As of today, there is unfortunately no cure for Alzheimer's. However, promising research has shown that there are lifestyle habits that can be incorporated into our daily lives which can delay the onset, slow the progression, and reduce the risk of developing Alzheimer's by years and perhaps even decades. Below, I have listed a few practical, research-proven strategies to reduce the risk of developing Alzheimer's Disease.

Getting regular exercise

Everyone's definition of exercise varies. On a basic level, exercise involves moving your body in order to raise your heart rate. That can include walking, running, dancing, swimming, gardening — even aerobics while seated. It really does not matter what exercise you do, as long as you do it on a regular, consistent basis. To get the most benefit, the activity should raise your heart rate to the point of sweating. You are more likely to continue the activity if it is something that you enjoy, so incorporate friends if need be. Exercise increases blood flow to the brain and can help to keep thinking and memory skills sharp (in fact, exercise is important for current Alzheimer's patients, as well). Being active also helps to decrease your blood pressure, blood cholesterol, and body fat levels—which are three health issues that increase your risk for Alzheimer's. An added benefit is that exercise also helps improve mood and cognition. A good goal to start with is a 30 minute walk five times per week, then increasing the duration and intensity over time. Always talk to your healthcare provider about any medical conditions before starting a new exercise plan.

Eat a brain-healthy diet

Research has shown that there are foods that can increase your risk for Alzheimer's Disease and foods that can lower your risk. Spend time incorporating foods designed to promote a healthy brain. The ten best brain foods include leafy green vegetables, other vegetables, seeds, nuts, berries (especially blueberries), beans, whole grains, fish, poultry, olive oil, and red wine or grape juice. This diet not only promotes brain health, but it also promotes heart health as well.

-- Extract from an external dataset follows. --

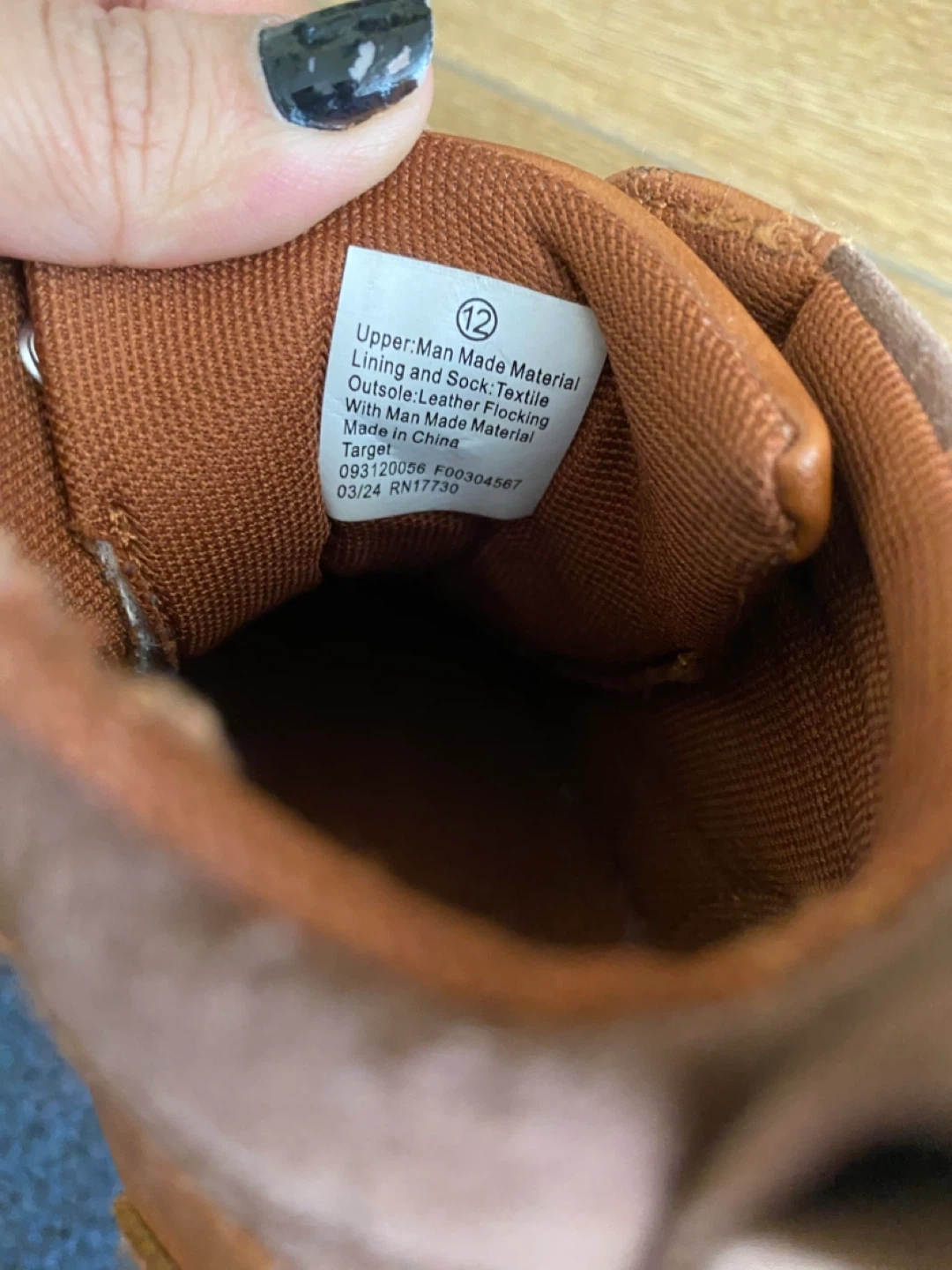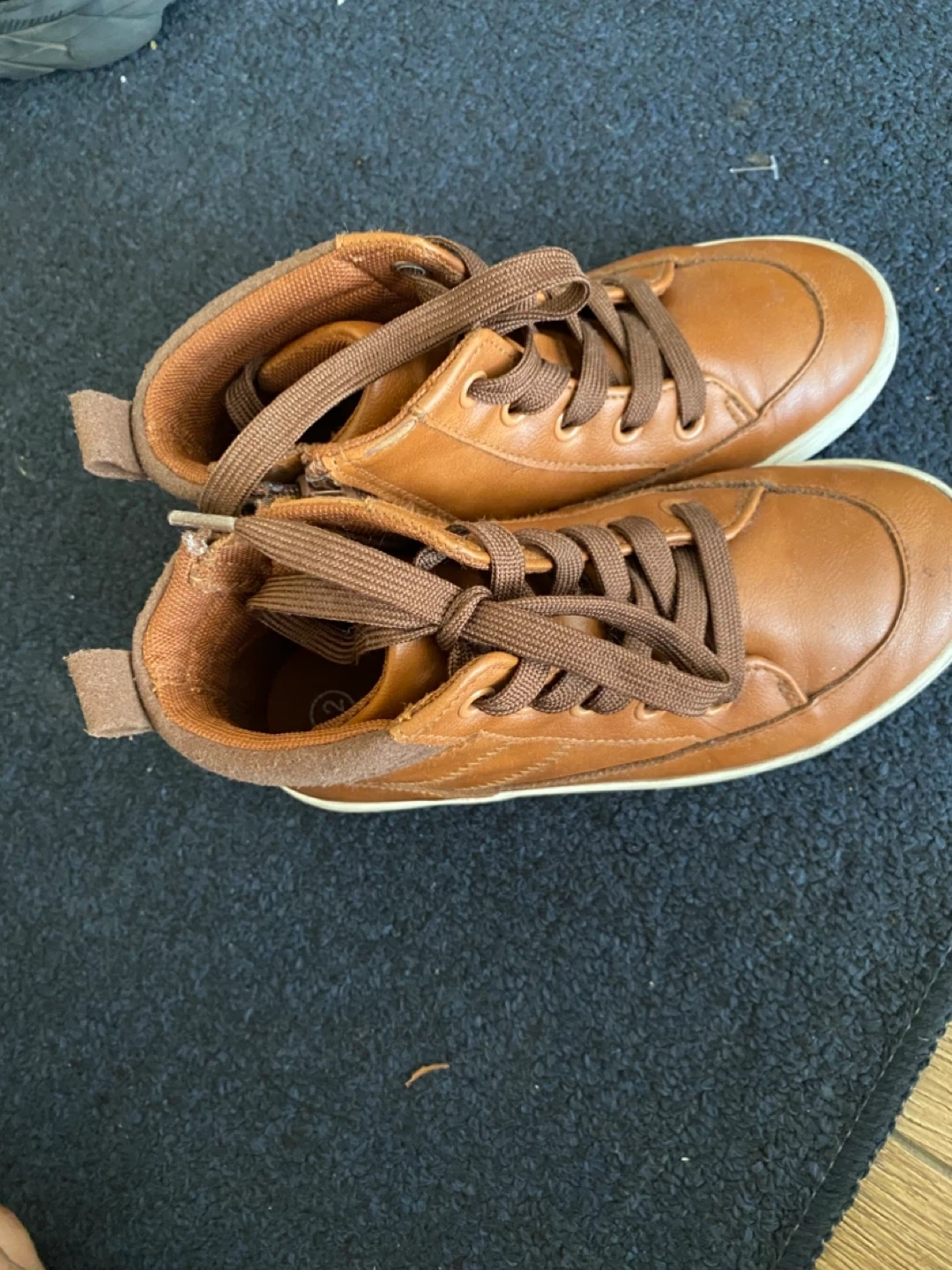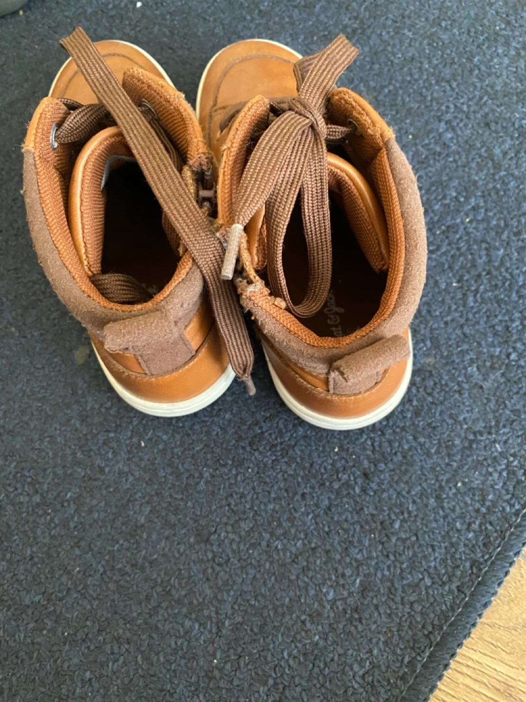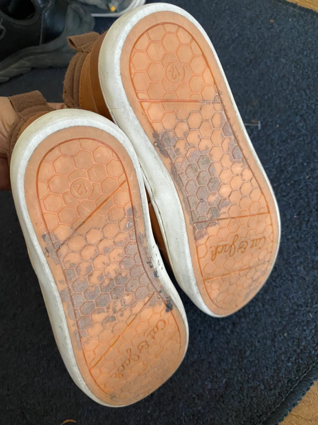 Selling a pair of Cat & Jack sneakers in size 12. They're brown with laces and have a leather-like material. The upper is man-made material, and the lining and sock are textile. The outsole is leather flocking with man-made materials

A brain-healthy diet is a heart-healthy diet, and includes eating foods that are low in added salt, refined (white) sugars, and saturated fat such as butter. Diets high in added salt can increase your risk for developing high blood pressure. Diets high in saturated fat can increase your risk for heart disease.

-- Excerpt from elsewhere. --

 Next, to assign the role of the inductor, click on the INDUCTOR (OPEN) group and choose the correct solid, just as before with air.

Diets high in refined sugars may increase your risk for Type 2 Diabetes. These are all conditions that may increase your risk for developing Alzheimer's Disease. If you have any of these conditions, talk with your doctor to have regular screening tests to check if they are improving or worsening. Be sure to also request a meeting with a nutritionist to review your current diet and to receive suggestions and recipes on how to make what you eat more healthy.

Keeping the brain active

Keeping your brain active by solving puzzles like crosswords, Sudoku, or cryptograms can help to improve brain function, memory and delay the onset of Alzheimer's. Many of these puzzles can be found as cell phone applications, or even published in the newspaper. These games involve using strategy and memorization, which are fun tools for improving your brain health to keep your memory sharp. You can also keep your brain active by staying connected to family members and friends by having lunch dates, taking walks with peers, and attending church club activities. You can even have a regular social meeting time to play games in groups as a way to socialize regularly with friends.